START MATERIAL SHOWN

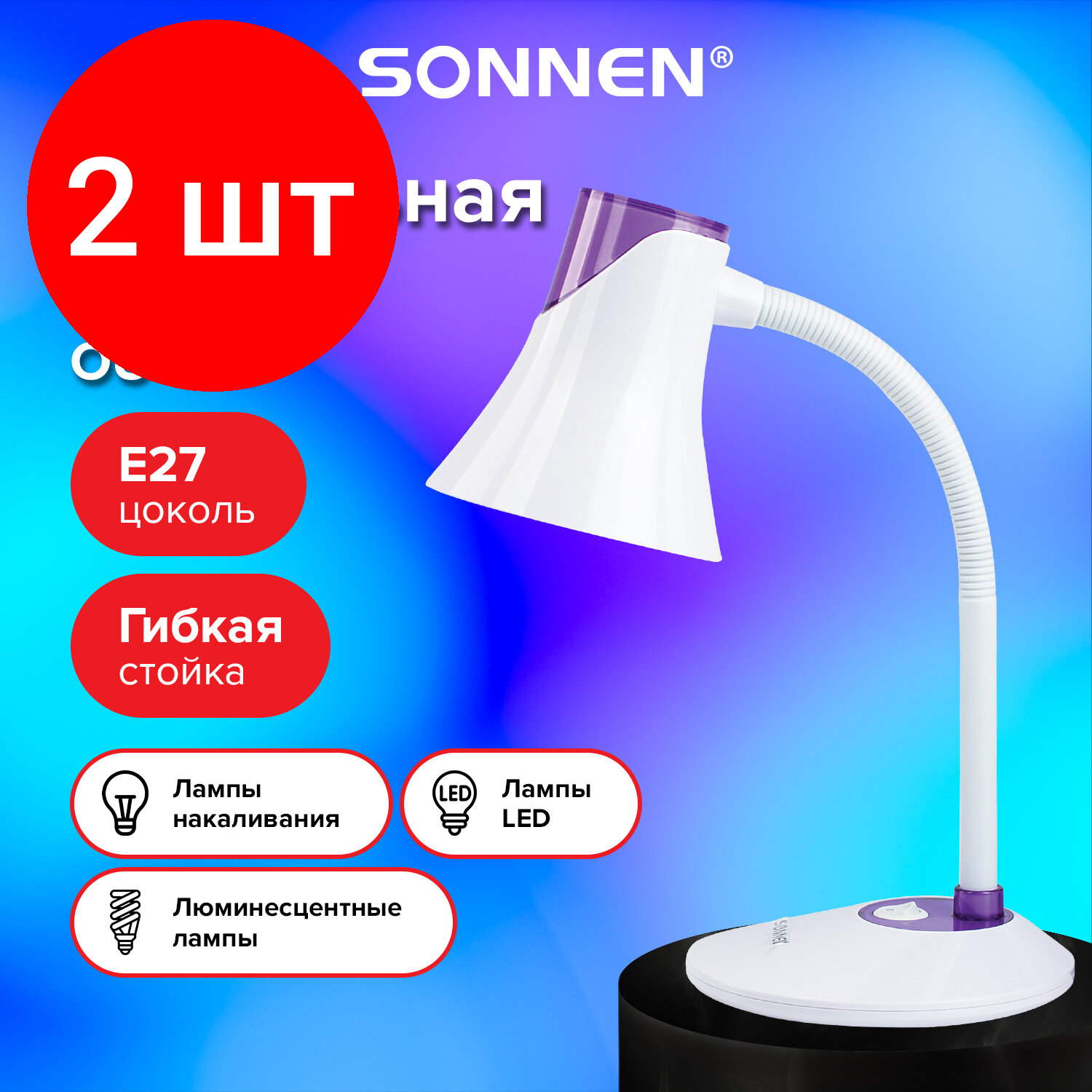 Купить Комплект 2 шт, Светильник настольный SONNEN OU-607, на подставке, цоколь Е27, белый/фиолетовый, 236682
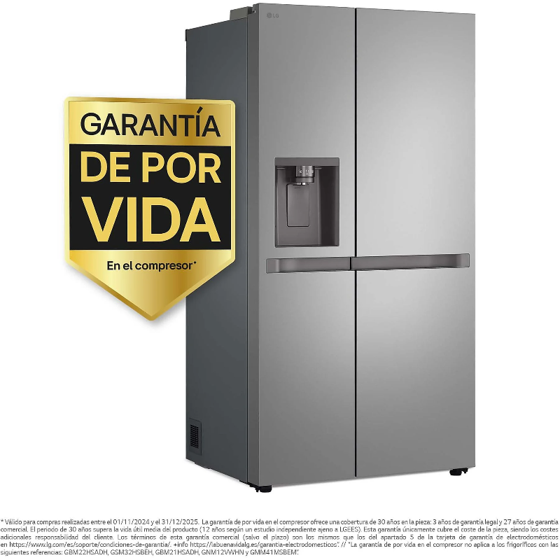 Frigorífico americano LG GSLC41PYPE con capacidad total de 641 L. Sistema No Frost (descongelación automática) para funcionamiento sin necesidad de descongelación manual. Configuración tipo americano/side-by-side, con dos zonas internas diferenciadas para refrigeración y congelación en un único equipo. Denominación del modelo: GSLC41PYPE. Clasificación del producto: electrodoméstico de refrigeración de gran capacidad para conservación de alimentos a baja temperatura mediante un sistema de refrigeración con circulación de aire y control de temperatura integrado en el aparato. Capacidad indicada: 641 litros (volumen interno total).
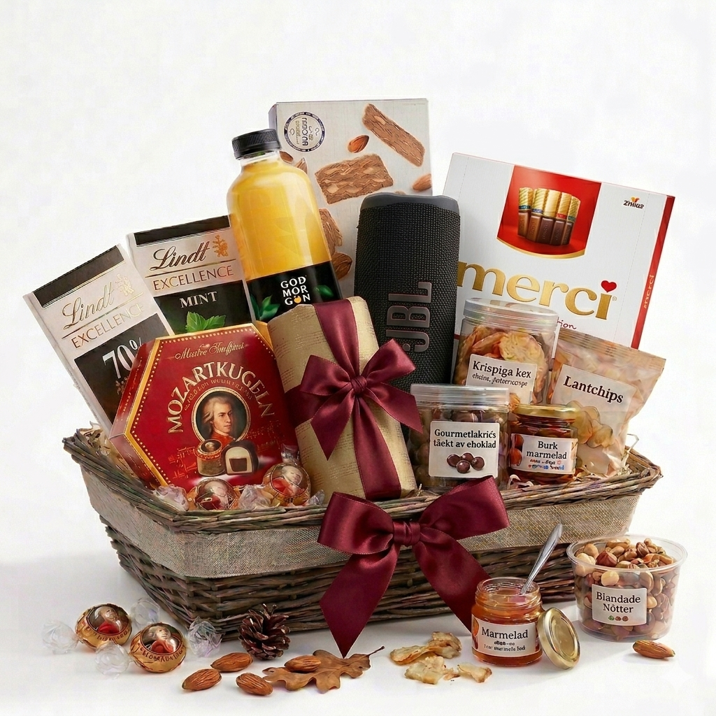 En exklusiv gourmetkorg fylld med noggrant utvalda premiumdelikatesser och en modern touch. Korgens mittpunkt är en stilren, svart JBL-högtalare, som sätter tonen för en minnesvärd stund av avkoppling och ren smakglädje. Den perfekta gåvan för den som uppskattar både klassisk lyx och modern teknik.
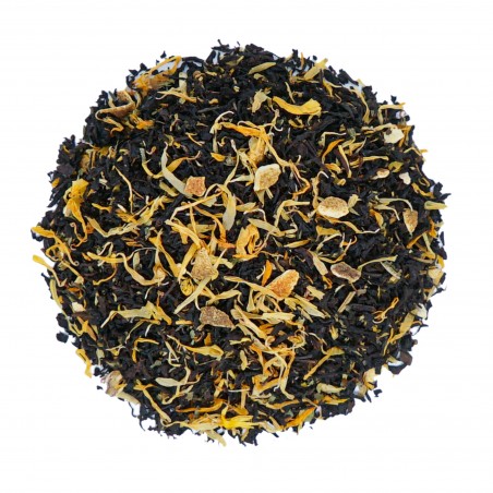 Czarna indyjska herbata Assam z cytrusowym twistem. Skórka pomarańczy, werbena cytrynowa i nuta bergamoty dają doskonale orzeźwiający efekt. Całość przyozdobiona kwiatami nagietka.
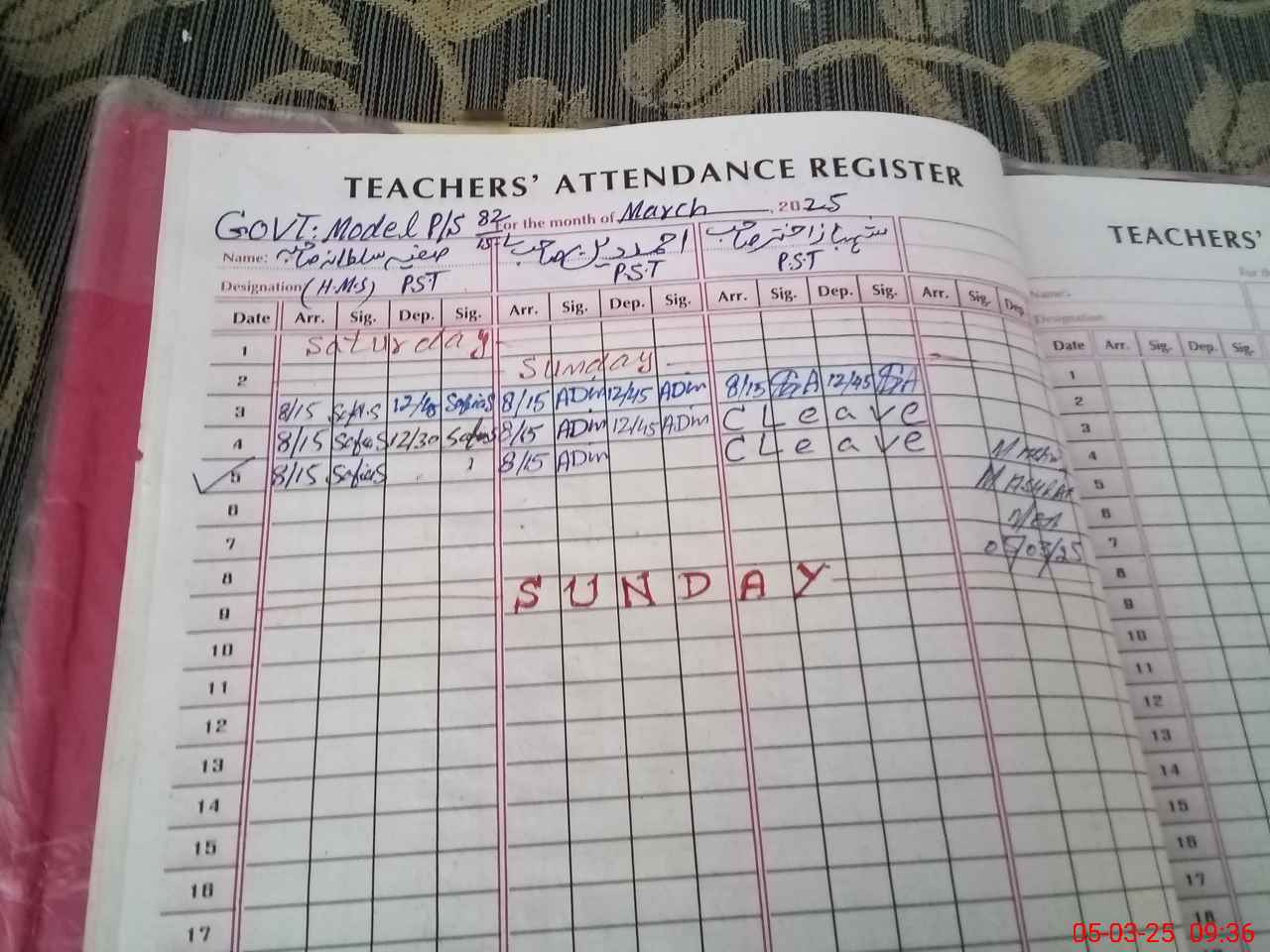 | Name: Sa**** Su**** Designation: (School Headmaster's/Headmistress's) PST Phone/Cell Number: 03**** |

END MATERIAL SHOWN

**TASK GOAL:**
Would you reproduce the listing above in full and exactly, without its pictures?

**SOLVED PROBLEM:**
 Купить Комплект 2 шт, Светильник настольный SONNEN OU-607, на подставке, цоколь Е27, белый/фиолетовый, 236682
 Frigorífico americano LG GSLC41PYPE con capacidad total de 641 L. Sistema No Frost (descongelación automática) para funcionamiento sin necesidad de descongelación manual. Configuración tipo americano/side-by-side, con dos zonas internas diferenciadas para refrigeración y congelación en un único equipo. Denominación del modelo: GSLC41PYPE. Clasificación del producto: electrodoméstico de refrigeración de gran capacidad para conservación de alimentos a baja temperatura mediante un sistema de refrigeración con circulación de aire y control de temperatura integrado en el aparato. Capacidad indicada: 641 litros (volumen interno total).
 En exklusiv gourmetkorg fylld med noggrant utvalda premiumdelikatesser och en modern touch. Korgens mittpunkt är en stilren, svart JBL-högtalare, som sätter tonen för en minnesvärd stund av avkoppling och ren smakglädje. Den perfekta gåvan för den som uppskattar både klassisk lyx och modern teknik.
 Czarna indyjska herbata Assam z cytrusowym twistem. Skórka pomarańczy, werbena cytrynowa i nuta bergamoty dają doskonale orzeźwiający efekt. Całość przyozdobiona kwiatami nagietka.
 | Name: Sa**** Su**** Designation: (School Headmaster's/Headmistress's) PST Phone/Cell Number: 03**** |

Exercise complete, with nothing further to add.